Love using pastels to give the surface an extra bling...
On the crafty front i can knit fr a short time again,hold the garden hose and even hang clothes,as long as I dont over do it I can cope well, work at end of January...
For one last time heres that wonderful birdy painting inspired by an image I found as i havent seen these birds for years,im estactic at the way i got the birds to float and the luminous colours that seem to glow, took about 6 hours i supposed with majority in two. 
Im really the short one now in Family
only one gorgeous girlfriend is with me...I love my boys they keep me on this earth and I dont know what i will do if they all move away but to combat that I have plans for 2017 I wont reveil just yet in case it doesnt happen but it will be a life changer for me at least, prompted by a specialist I had to see in Perth, he given me the tools to survive ,I hope i can make it happen.


Finally I need to come up with three to four works for a local exhibition 20cm by 20cm,hmm what to do... that will keep me focused for a while...

Monday, December 21, 2015

Hello

Yes Im still here,improving I have to say i can plait my hair now, cook biccies and generally most light things,at least two hours of execises everyday, but Im getting there
Saw Surgeon and he was happy for me to return to light duites mainly office stuff but it was vetoed so Im home til 28th January
First sub of the fourth unit left to finished shortly. then its Chrissy time,Gifts for this year I sure hope they like them




 I wish I could make it home to be with my Mum who will prob be alone again this year, I just hope she doesn't cook a dinner this time for no one to turn up, I sent her a big gift that I roused and told her not to open til the day to make it a better day for her





so many flowers to come





We ve been so lucky with fairly mild weather that we ve opened up the window and let t in lounge and kitchen so the air flows,only a few days we ve had aircon on. so wonderful not only fresh air but also the pocket
I can knit again too well ten rows on a sock nearly every night, uni is taking prececent of course and Ive been a bit slack after three months of no study, three and half units to go,cant believe it but also its going to be tough, even when i go back to work uni will be my main concern, got that big carrot dangling.

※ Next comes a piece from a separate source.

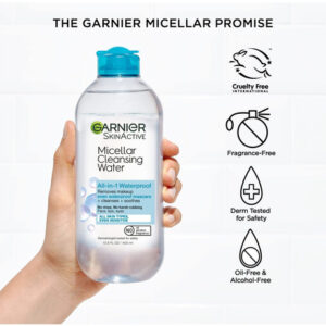 Palavras-chave do público-alvo: água micelar, removedor de maquiagem, água micelar para maquiagem à prova dágua, removedor de maquiagem à prova dágua, pele sensível, sem álcool, sem fragrância, sem óleo, limpeza facial, removedor de maquiagem suave, removedor de maquiagem para olhos, maquiagem de longa duração, maquiagem à prova dágua, Garnier SkinActive, cuidados com a pele, limpeza profunda, remova impurezas gravatas, removedor de maquiagem natural, produto para peles sensíveis, limpeza sem óleo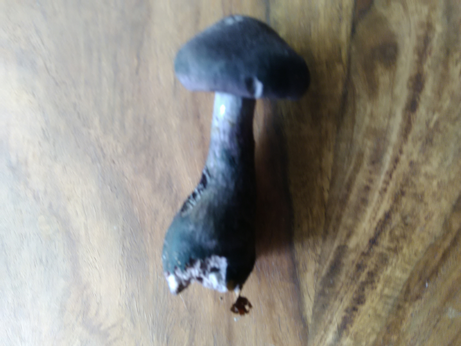 Hut und Stiel sind dunkel lila. Die Lamellen sind fast schwarz.

My hope reinforced by an interveiw in perth.

Saturday, November 07, 2015

Catch up....

Pretty  excited excited with this, first flower on the new rain lillies, ive got these different sized pots that look wonderful in this small area, ive tucked lobelias around them randomly that can be protected and access to moisture beneath thise pots and allows me to grow a few things that need extra care. Nearby dwarf sunflowers, fingers crossed they will flower as well, the teddy bears or themarons didnt survive the slugs and snails, If I can ,next year Ill plant earlier,.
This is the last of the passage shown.